Furthermore, as entrepreneurs increasingly straddle not just tech-native know-how but other industry know-how as well, there’s new breeds of entrepreneurs and hybrid teams emerging that combine deep technical and financial expertise. Finally, there’s a number
of obvious tech shifts happening here: As new sources of data and AI techniques come online, the mortgage data collection, underwriting, and appraisal process can be sped up dramatically through software.
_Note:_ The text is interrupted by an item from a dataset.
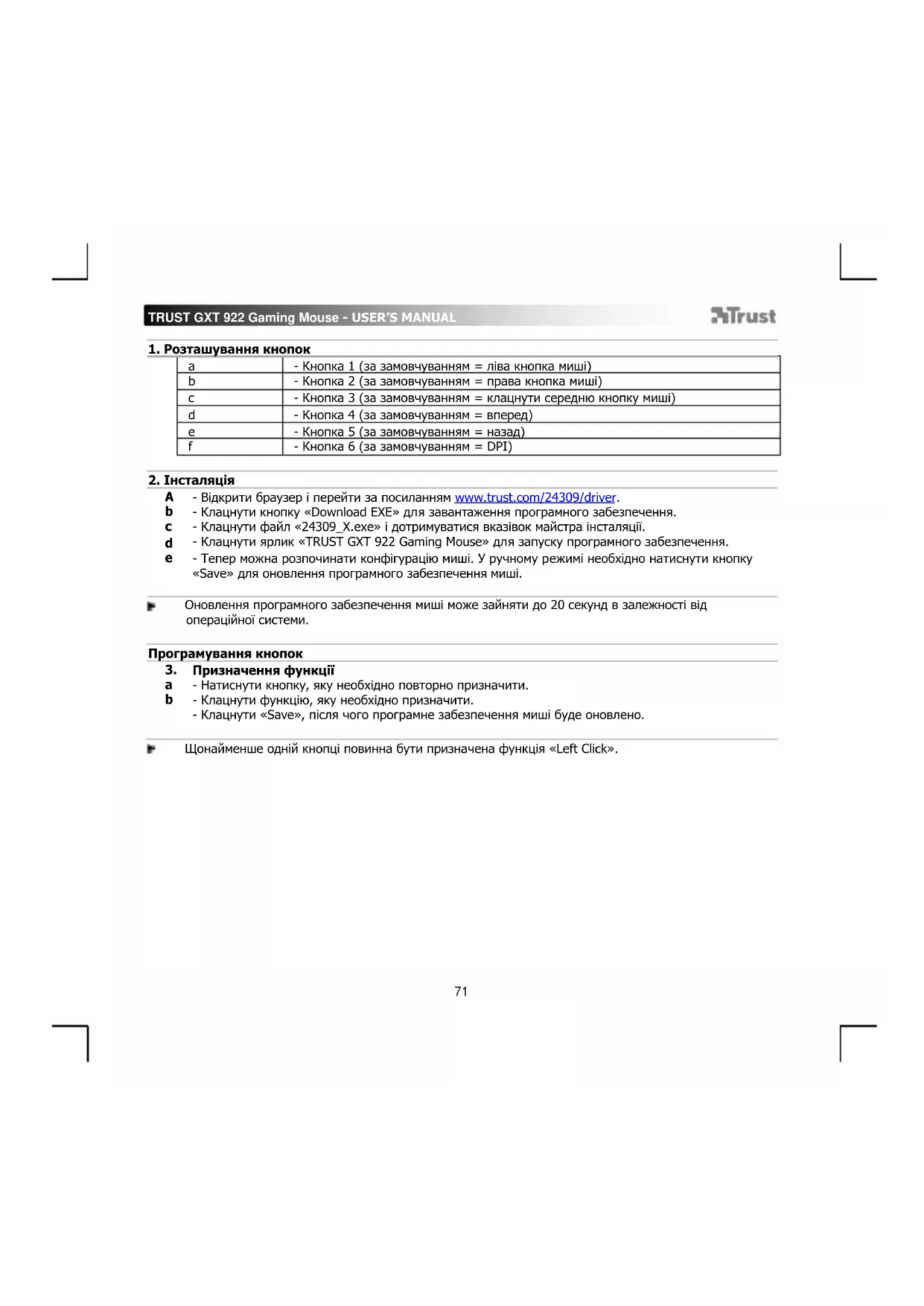 - Відкрити браузер і перейти за посиланням www.trust.com/24309/driver. - Клацнути кнопку «Download EXE» для завантаження програмного забезпечення. - Клацнути файл «24309_X.exe» і дотримуватися вказівок майстра інсталяції. - Клацнути ярлик «TRUST GXT 922 Gaming Mouse» для запуску програмного забезпечення. - Тепер можна розпочинати конфігурацію миші. У ручному режимі необхідно натиснути кнопку «Save» для оновлення програмного забезпечення миші. Оновлення програмного забезпечення миші може зайняти до 20 секунд в залежності від операційної системи. Програмування кнопок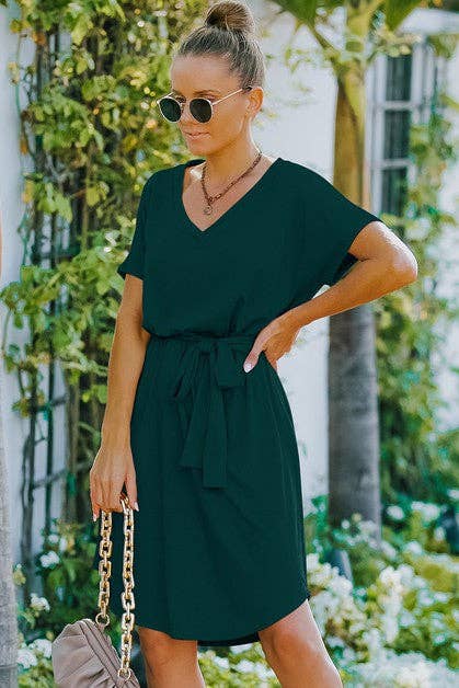 V Neck Waist Tie Solid A Line Dress: GREEN /

Entrepreneurs are already rebuilding parts of the mortgage stack to make processes far more efficient than they were with legacy software.
The question is now less of just technology capabilities, but more of what strategies startups could use today to be successful in building a company in this space.
The Strategic Wedge
Instead of trying to redo the entire, multi-stakeholder process in one shot—which would be extremely costly and difficult to pull off—new mortgage companies are choosing a clever wedge from which to remake, simplify, or streamline part of the mortgage process. It’s
the strategic point (and sometimes even the Trojan horse) where they insert themselves into the process, with ambitions to expand from that initial beachhead. And sometimes it doesn’t even start directly with the mortgage.